If a record contains an image, leave the image out and repeat everything else exactly.
___ INPUT RECORDS ___
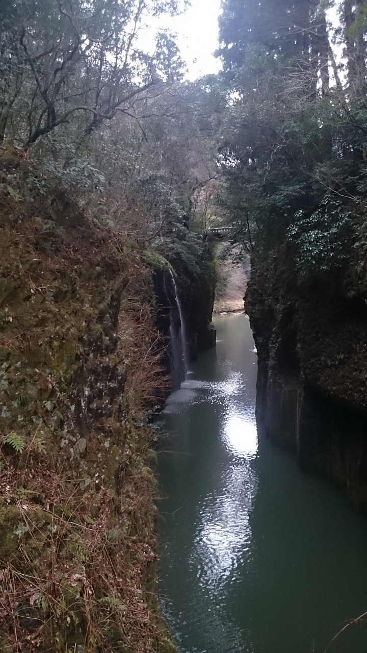 高千穂峡は一部の道路が工事中で川の畔を歩いて下り真名井の滝での昼食となりました。
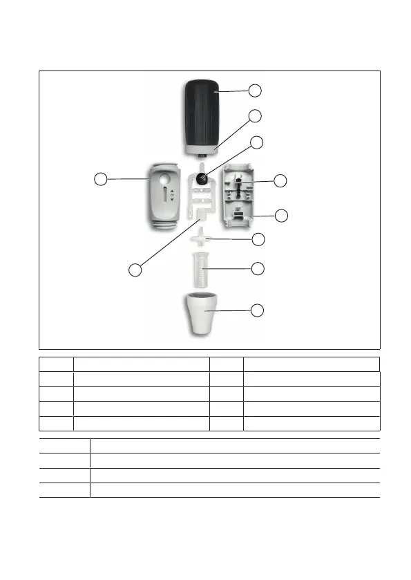 4 Pipettierhebel 9 Ventilsystem (PP; SI, PTFE)
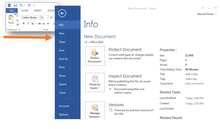 نمای پشت صحنه گزینه های مختلفی را برای ذخیره، باز کردن پرونده، چاپ و به اشتراک گذاشتن سند خود به شما می دهد
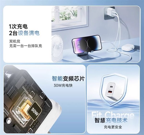 30W 双口快充,坦吉尼氮化镓充电器 + 1 米编织线套装日常售价为 29.88 元,下单领取 10 元优惠券,实付 19.88 元包邮。
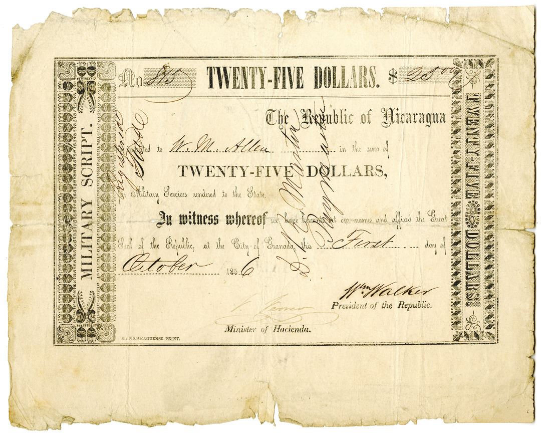 Granada, Nicaragua. 1st October 1856, Issued $25, P-S131 (Unlisted date), Issued banknote, black printing on light yellow paper, 9 x 7 inches, S/N 815, Issued to W.M. Allen for $25 for Military Services, signed by Wm. Walker as President of the Republic; also signed by the Minister of the Hacienda, F. Ferrer and also signed by D.?? Martin as Paymaster with Allen's endorsement on the back. Fine to Choice Fine condition but there is a strong horizontal fold in the middle with splits on the edges and small holes due to folding and wear, the top and bottom margins are rough due to handling. William Walker (May 8, 1824 Ð September 12, 1860) was an American physician, lawyer, journalist, and mercenary who organized several private military expeditions into Mexico and Central America with the intention of establishing English-speaking colonies under his personal control, an enterprise then known as "filibustering". Walker usurped the presidency of Nicaragua in July 1856 and ruled until May 1, 1857, when he was forced out of the presidency and the country by a coalition of Central American armies. He returned in an attempt to re-establish his control of the region and was captured and executed by the government of Honduras in 1860. Historic Nicaragua Fiscal document with only 2 previous examples graded in the PMG census, this being the third if graded and only one example on record of this denomination being offered which was at a R.M. Smythe Auction in June 1998, grading in XF condition where it sold for $8,250. (John E. Herzog Collection).
___
| ANSWER SECTION |
 高千穂峡は一部の道路が工事中で川の畔を歩いて下り真名井の滝での昼食となりました。
 4 Pipettierhebel 9 Ventilsystem (PP; SI, PTFE)
 نمای پشت صحنه گزینه های مختلفی را برای ذخیره، باز کردن پرونده، چاپ و به اشتراک گذاشتن سند خود به شما می دهد
 30W 双口快充,坦吉尼氮化镓充电器 + 1 米编织线套装日常售价为 29.88 元,下单领取 10 元优惠券,实付 19.88 元包邮。
 Granada, Nicaragua. 1st October 1856, Issued $25, P-S131 (Unlisted date), Issued banknote, black printing on light yellow paper, 9 x 7 inches, S/N 815, Issued to W.M. Allen for $25 for Military Services, signed by Wm. Walker as President of the Republic; also signed by the Minister of the Hacienda, F. Ferrer and also signed by D.?? Martin as Paymaster with Allen's endorsement on the back. Fine to Choice Fine condition but there is a strong horizontal fold in the middle with splits on the edges and small holes due to folding and wear, the top and bottom margins are rough due to handling. William Walker (May 8, 1824 Ð September 12, 1860) was an American physician, lawyer, journalist, and mercenary who organized several private military expeditions into Mexico and Central America with the intention of establishing English-speaking colonies under his personal control, an enterprise then known as "filibustering". Walker usurped the presidency of Nicaragua in July 1856 and ruled until May 1, 1857, when he was forced out of the presidency and the country by a coalition of Central American armies. He returned in an attempt to re-establish his control of the region and was captured and executed by the government of Honduras in 1860. Historic Nicaragua Fiscal document with only 2 previous examples graded in the PMG census, this being the third if graded and only one example on record of this denomination being offered which was at a R.M. Smythe Auction in June 1998, grading in XF condition where it sold for $8,250. (John E. Herzog Collection).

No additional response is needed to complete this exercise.